Solve a QUBO oroblem

In this notebook we solve a quadratic unconstrained optimization problem with qadence emulated analog interface using the QAOA variational algorithm. The problem is detailed in the Pulser documentation here.

Construct QUBO register (defines qubo_register_coords function)

Before we start we have to define a register that fits into our device.

import torch
import numpy as np
from scipy.optimize import minimize
from scipy.spatial.distance import pdist, squareform

from pulser.devices import Chadoq2

seed = 0
np.random.seed(seed)
torch.manual_seed(seed)


def qubo_register_coords(Q):
    """Compute coordinates for register."""
    bitstrings = [np.binary_repr(i, len(Q)) for i in range(len(Q) ** 2)]
    costs = []
    # this takes exponential time with the dimension of the QUBO
    for b in bitstrings:
        z = np.array(list(b), dtype=int)
        cost = z.T @ Q @ z
        costs.append(cost)
    zipped = zip(bitstrings, costs)
    sort_zipped = sorted(zipped, key=lambda x: x[1])

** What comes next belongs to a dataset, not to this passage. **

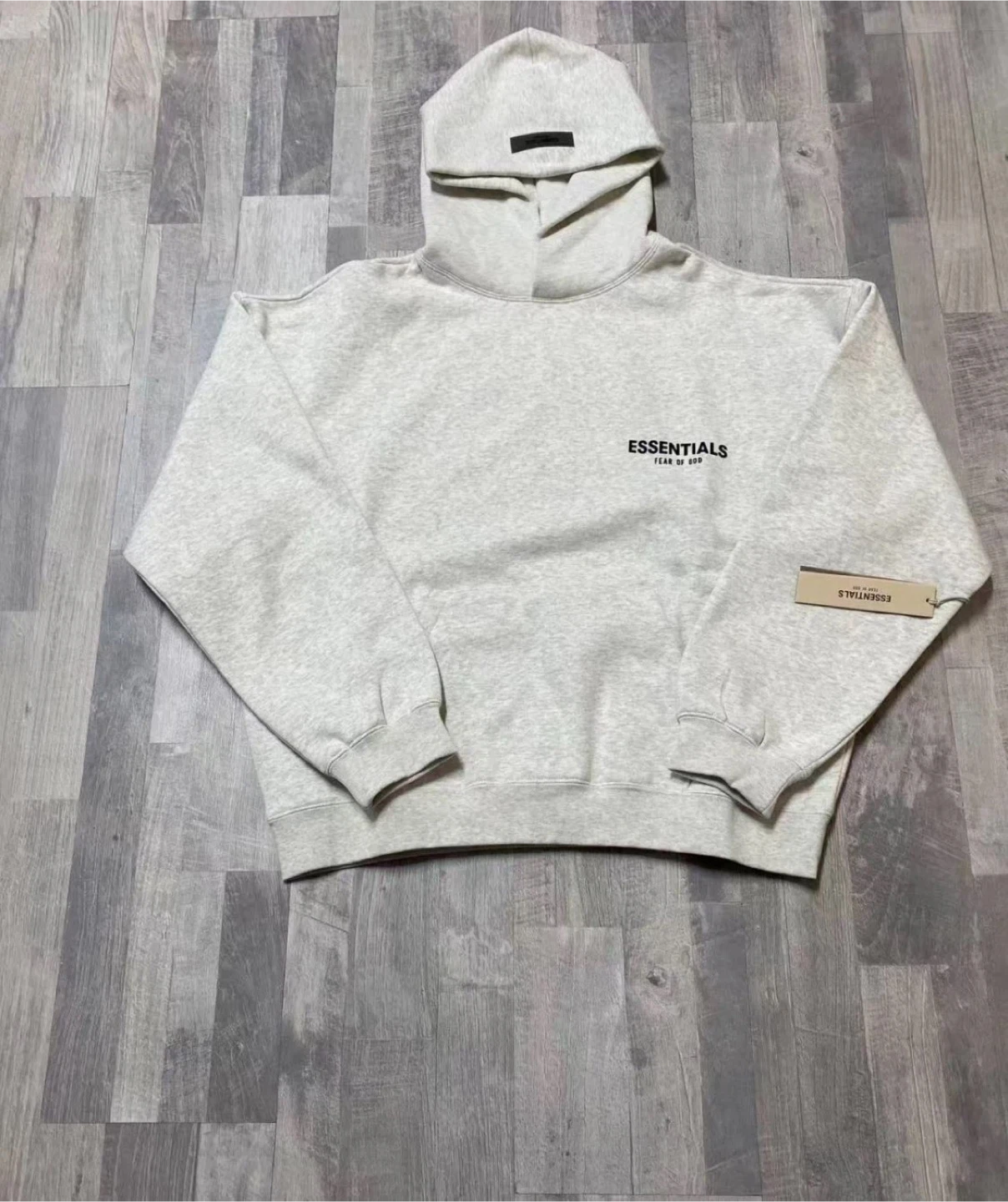 Selling an Essentials Fear of God hoodie in a light grey colour. It's in great condition and ready for a new owner! The material is soft and comfortable, perfect for everyday wear.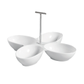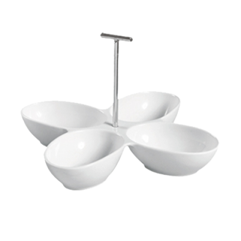 Accessories Divided Bowl, 8-1/2 oz. per compartment, 13-1/2"L x 13-1/2"W x 7-1/2"H, leaf shape bowls, 4-compartments, with metal handle, dishwasher, oven and microwave safe, porcelain, Super White (Sold by case)

    def evaluate_mapping(new_coords, *args):
        """Cost function to minimize. Ideally, the pairwise
        distances are conserved"""
        Q, shape = args
        new_coords = np.reshape(new_coords, shape)
        new_Q = squareform(Chadoq2.interaction_coeff / pdist(new_coords) ** 6)
        return np.linalg.norm(new_Q - Q)

    shape = (len(Q), 2)
    costs = []
    np.random.seed(0)
    x0 = np.random.random(shape).flatten()
    res = minimize(
        evaluate_mapping,
        x0,
        args=(Q, shape),
        method="Nelder-Mead",
        tol=1e-6,
        options={"maxiter": 200000, "maxfev": None},
    )
    return [(x, y) for (x, y) in np.reshape(res.x, (len(Q), 2))]

Define and solve QUBO

import matplotlib.pyplot as plt
import numpy as np
import torch

from qadence import add_interaction, chain
from qadence import QuantumModel, QuantumCircuit, AnalogRZ, AnalogRX, Register

seed = 0
np.random.seed(seed)
torch.manual_seed(seed)

The QUBO is defined by weighted connections Q and a cost function.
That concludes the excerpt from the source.